Tobias and Saalfeld found it a great idea to create this discussion page that, if ever possible, will be filled with the daily conceptual discussions and results. That way, all interested people can contribute and keep track on what we're trying to tackle next.

We discussed the View concept:

Summary is that View<T> would be an interface that can return its target T, the data it is generated from:

public interface View<T> {
    public T getTarget();

A View is an […]Accessible that provides possibly transformed access to a subset of this target data.

Since we could not see any reasonable application for the bare View interface, we will not implement it but use it in informal speech about virtualized access. We will also use Target to refer to the underlying data.

Examples are IterableIntervalSubset, arbitrary Neighborhoods, RandomAccessibleView (formerly called View), RealRandomAccessibleView, TransformedRandomAccessibleView, StructuredElement, HyperShpere, SuperInterval

We discussed the View concept (again) and Transforms:

We agreed that for Views that give transformed access it is more natural to specify the transform with respect to the underlying data. That is, the transform is applied to a coordinate in the data system to obtain a coordinate in the view system.

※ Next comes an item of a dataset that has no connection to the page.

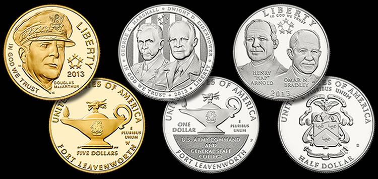 Struck in uncirculated and proof qualities, the commemoratives honor five United States Army 5-star generals and celebrate the 132nd anniversary of the founding of the United States Army Command and General Staff College (CGSC).

In matrix notation, a transform would look like y = Tx. Here, it is natural to refer to x as the source vector and to y as the target vector.

Applied to Views, we will therefore completely reverse our previous opinion and refer to the underlying data as the Source.

The View<T> interface would look like

public interface View<T> {
    public T getSource();

For Transforms, we will adapt and simplify the CoordinateTransform and related interfaces from Fiji's mpicbg submodule. There will be an integer and a real version as for Positionable and Localizable. Transform and RealTransform can specify the number of dimensions of its source and target domain. They look like

public interface Transform {
    public int numSourceDimensions();
    public int numTargetDimensions();
    apply(long[] source, long[] target);
    apply(Localizable source, Positionable target);

public interface RealTransform {
    public int numSourceDimensions();
    public int numTargetDimensions();
    apply(double[] source, double[] target);
    apply(RealLocalizable source, RealPositionable target);

The apply methods transfer source coordinates into target coordinates.

There will be an invertible version for each of these interfaces

public interface IvertibleTransform extends Transform {
    applyInverse(long[] source, long[] target);
    applyInverse(Positionable source, Localizable target);
    InvertibleTransform inverse();

public interface IvertibleRealTransform extends RealTransform {
    applyInverse(double[] source, source[] target);
    applyInverse(RealPositionable source, RealLocalizable target);
    InvertibleRealTransform inverse();

Note that target is transferred into source in that case.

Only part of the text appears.